Время за работой шло незаметно. И сейчас не было особо интересно знать, который сейчас час и означает ли это, что уже давно ночь. Одна мысль о том, что предстоит пешком проделать весь путь до камеры, наводила оторопь, потому приходилось её, эту мысль, неумело, но пытаться и стремиться прогнать.
— Давай, давай, ещё две полосы осталось! — снова раздался рык. — Быстрее, время! — старший конвоир выбросил руку в направлении таймера. Оглянувшись, бывший бизнесмен увидел, как цифры немного покраснели.
Пришлось напрячься. Сложно это, когда только и помнишь снование туда-сюда по стремянке и тупые резкие сильные движения скребком по стене. Рука ныла, в локте сгибалась уже плохо, а эти две полосы...
Как он их отчистил — бывший бизнесмен сам не помнил.
Снова уселся, теперь уже спиной к свежеотчищенной стене, подальше от этого странного 'постамента', чем бы он этот 'параллелепипед' не оказался. Разбираться в этом — нет, не хотелось. Мысли ворочались, как будто впали в прострацию. Думать ни о чём не хотелось. Усталость наваливалась.

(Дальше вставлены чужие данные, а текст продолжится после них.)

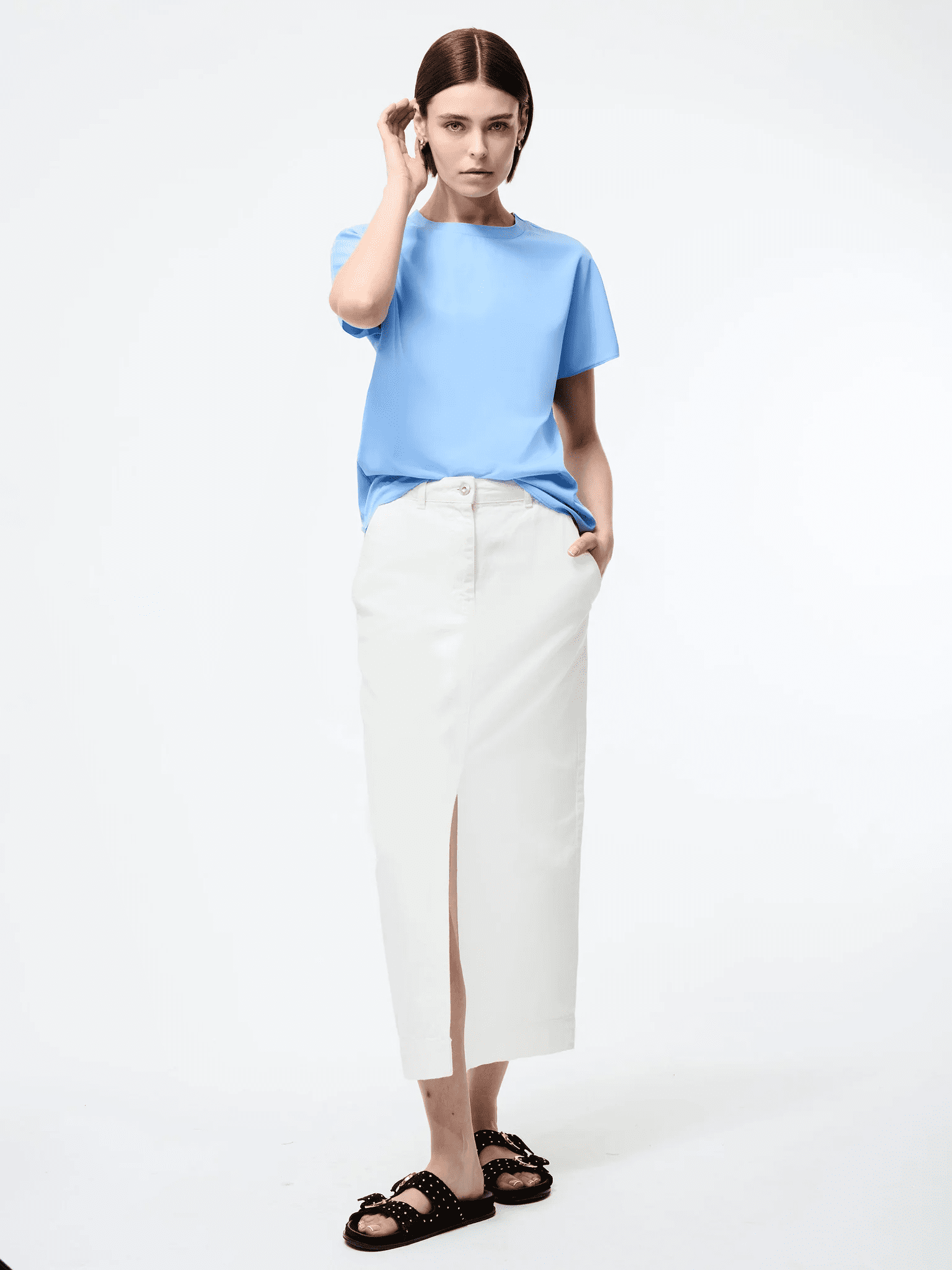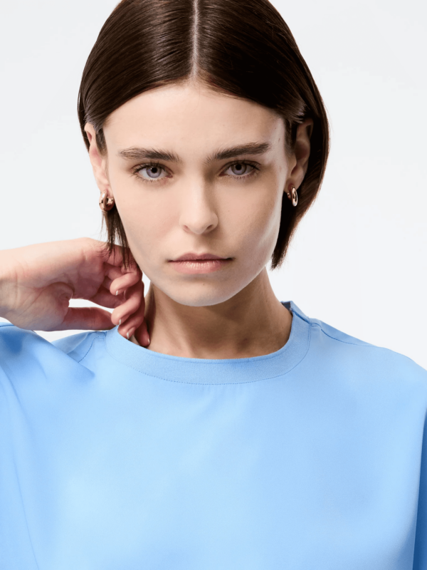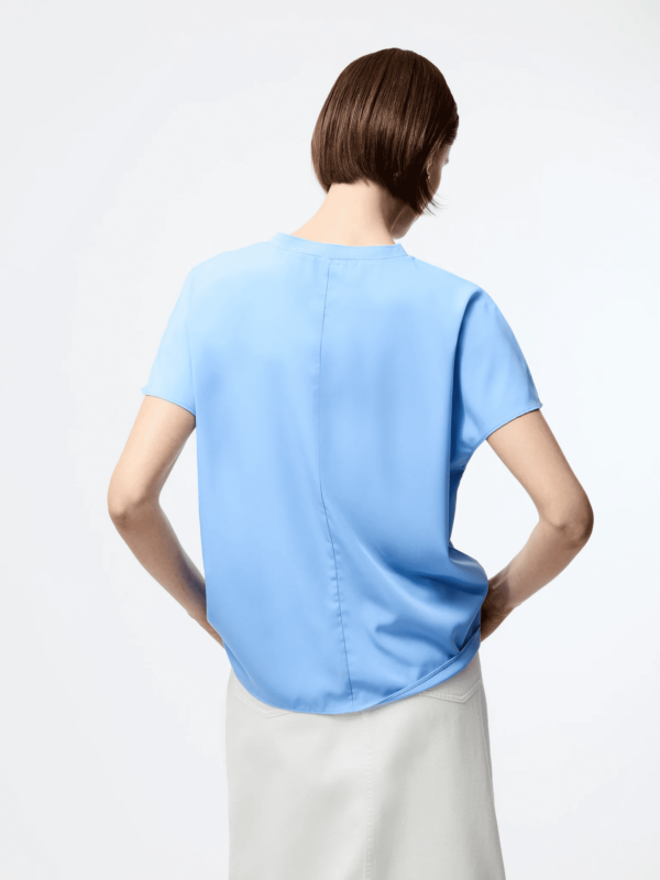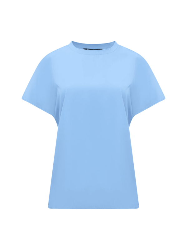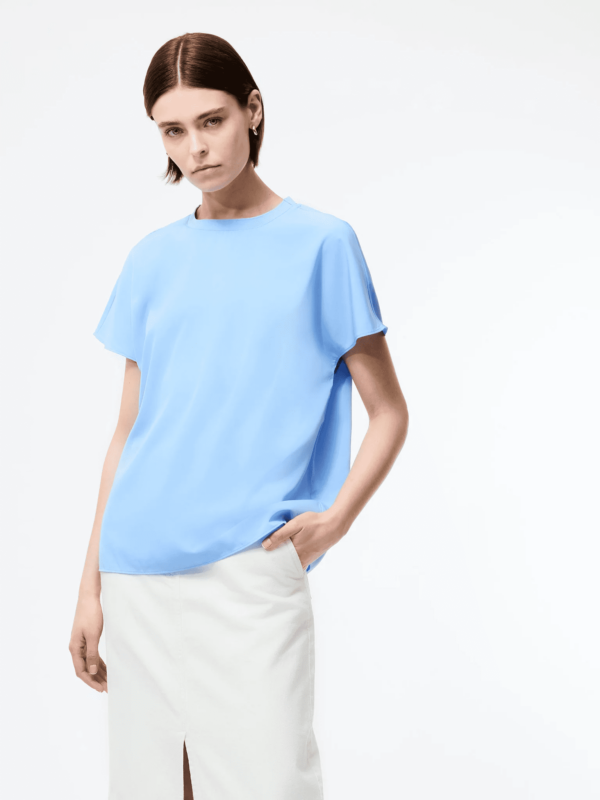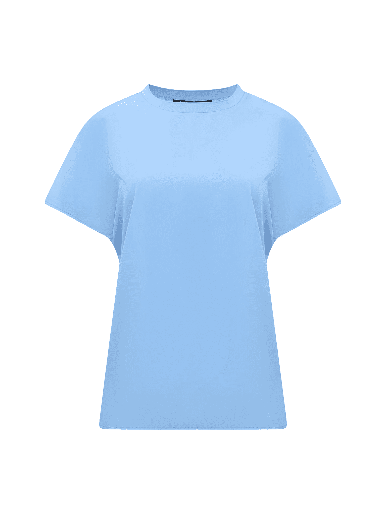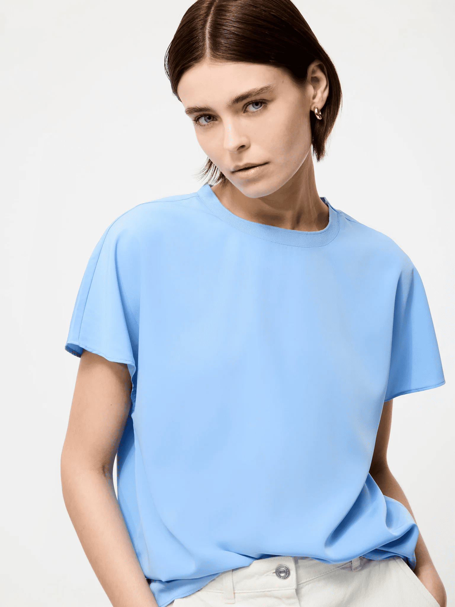 Your wardrobe will be floating on air with the addition of this Crepe Light Crew Neck Top. This easy and breezy top stars in a cornflower blue shade and offers a light layer with cap sleeves and a crew neckline to be worn from day to evening.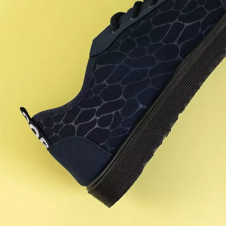 • Chaussures de sport à lacets pour hommes avec semelle en caoutchouc. La tige est en tissu et comporte des empiècements en éco-suède. Remarque : le produit présente des traces de colle sur le matériau.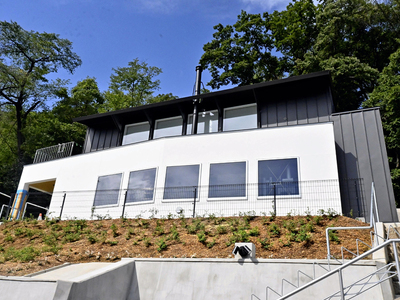 福島市の信夫山で整備が進められていた健康増進、介護予防拠点「しのぶ山テラス」が6日開所した。関係者に住宅内が公開され、設備や屋上から一望できる市内の風景などを確認した。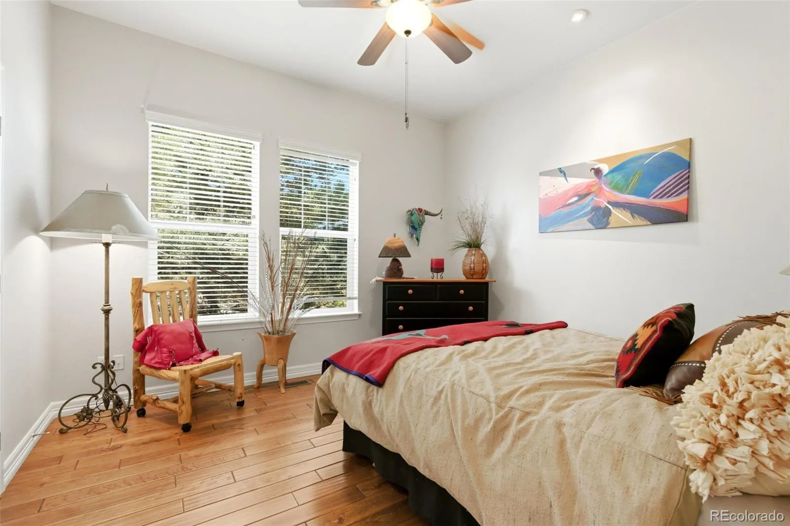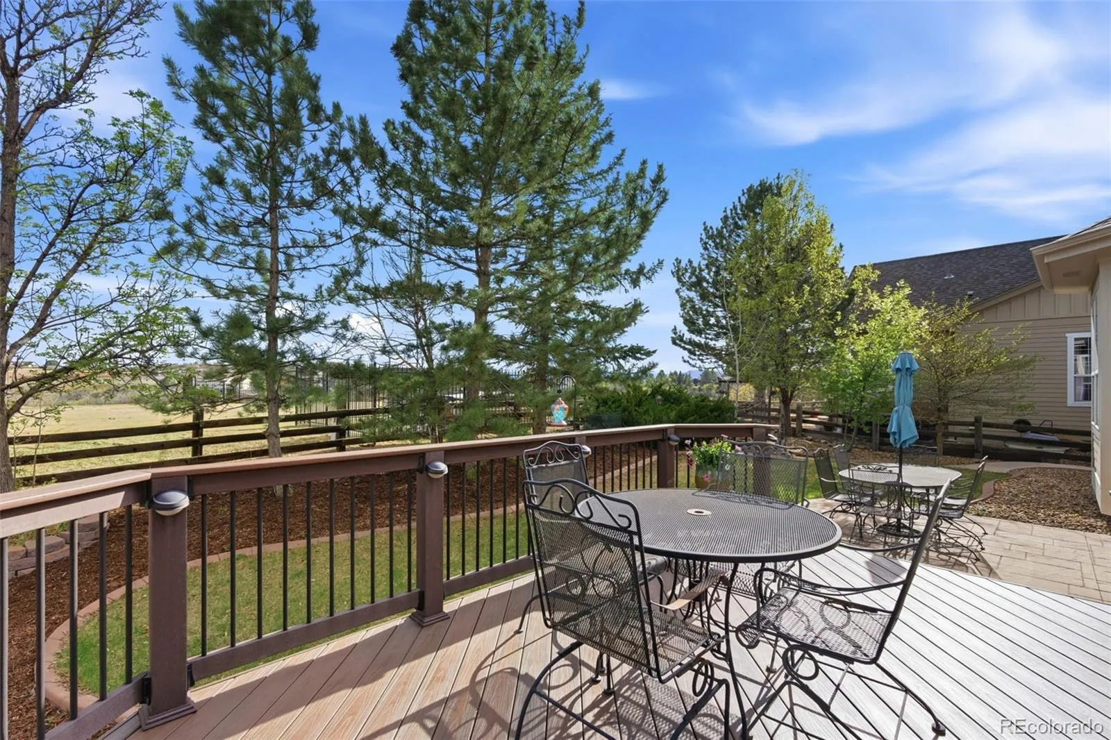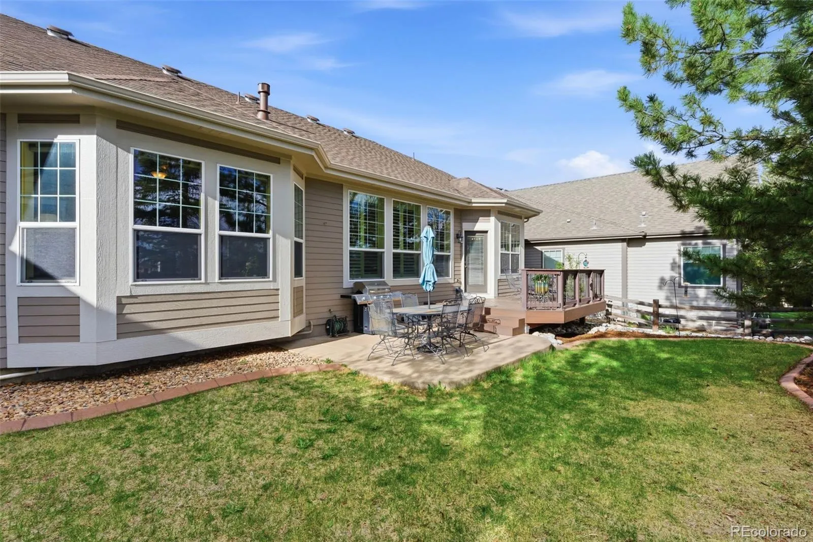 Large windows along the back of the home bring in natural light and showcase the open space and mountain views. Step outside to relax on the private Trex deck or stamped concrete patio, an ideal setting to enjoy Colorado sunsets!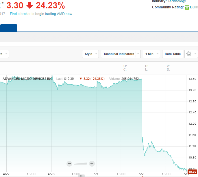 A 10% decline in AMD's stock price, which the market reacted to yesterday's publication of the quarterly report of the company, was just the beginning of a downward movement.  Today, AMD shares have fallen in price by 24.23%, having worked yesterday's news during the first full day of trading.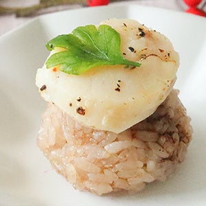 『バルサミコ酢飯の炙り帆立手鞠』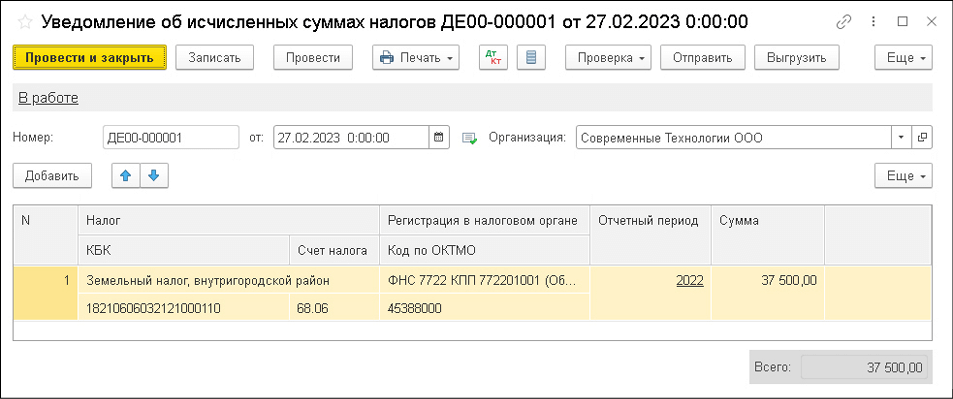 В форме Земельный налог, уведомление за 2022 г. появляется ссылка на созданный документ Уведомление об исчисленных суммах налогов.

— Встал! Руки — за спину в замок. Пальцы — сплести. Марш к проходу! — рыкнул старший конвоир.
Пришлось подняться на ноги и пусть неспешно, но пойти к проходу. Младший конвоир чуть отшагнул в сторону, пропустил.
Толчок и рука старшего конвоира прижимает тело бывшего бизнесмена к стене. Здесь — светлее, эта 'лампа' светит достаточно ярко. Другая рука, кажется правая, охлопывает комбинезон.
Обыск? Снова — обыск?! Да сколько же раз его обыскивать будут-то?!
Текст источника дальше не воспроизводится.